-- Exercise brief --
A single stretch of the material below is to be transcribed exactly, starting at the line with "Ruedas todoterreno: Este" and ending after the line with "CEE Flanschsteckdose, schräg".

-- Data shown --
----
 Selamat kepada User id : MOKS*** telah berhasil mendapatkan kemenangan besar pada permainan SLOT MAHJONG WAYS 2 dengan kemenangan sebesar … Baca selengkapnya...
----
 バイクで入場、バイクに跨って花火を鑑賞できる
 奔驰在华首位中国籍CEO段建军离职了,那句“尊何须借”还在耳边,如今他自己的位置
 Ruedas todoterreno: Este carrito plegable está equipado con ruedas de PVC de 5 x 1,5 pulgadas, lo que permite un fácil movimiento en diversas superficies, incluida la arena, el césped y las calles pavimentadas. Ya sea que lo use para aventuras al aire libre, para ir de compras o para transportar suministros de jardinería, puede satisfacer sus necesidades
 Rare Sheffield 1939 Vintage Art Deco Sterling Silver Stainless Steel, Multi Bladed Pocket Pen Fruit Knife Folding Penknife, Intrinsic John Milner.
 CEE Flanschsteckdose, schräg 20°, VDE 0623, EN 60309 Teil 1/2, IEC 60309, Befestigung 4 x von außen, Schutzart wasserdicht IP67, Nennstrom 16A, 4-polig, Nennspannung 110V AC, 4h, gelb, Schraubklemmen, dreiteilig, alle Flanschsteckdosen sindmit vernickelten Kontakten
----
-- Your response --
 Ruedas todoterreno: Este carrito plegable está equipado con ruedas de PVC de 5 x 1,5 pulgadas, lo que permite un fácil movimiento en diversas superficies, incluida la arena, el césped y las calles pavimentadas. Ya sea que lo use para aventuras al aire libre, para ir de compras o para transportar suministros de jardinería, puede satisfacer sus necesidades
 Rare Sheffield 1939 Vintage Art Deco Sterling Silver Stainless Steel, Multi Bladed Pocket Pen Fruit Knife Folding Penknife, Intrinsic John Milner.
 CEE Flanschsteckdose, schräg 20°, VDE 0623, EN 60309 Teil 1/2, IEC 60309, Befestigung 4 x von außen, Schutzart wasserdicht IP67, Nennstrom 16A, 4-polig, Nennspannung 110V AC, 4h, gelb, Schraubklemmen, dreiteilig, alle Flanschsteckdosen sindmit vernickelten Kontakten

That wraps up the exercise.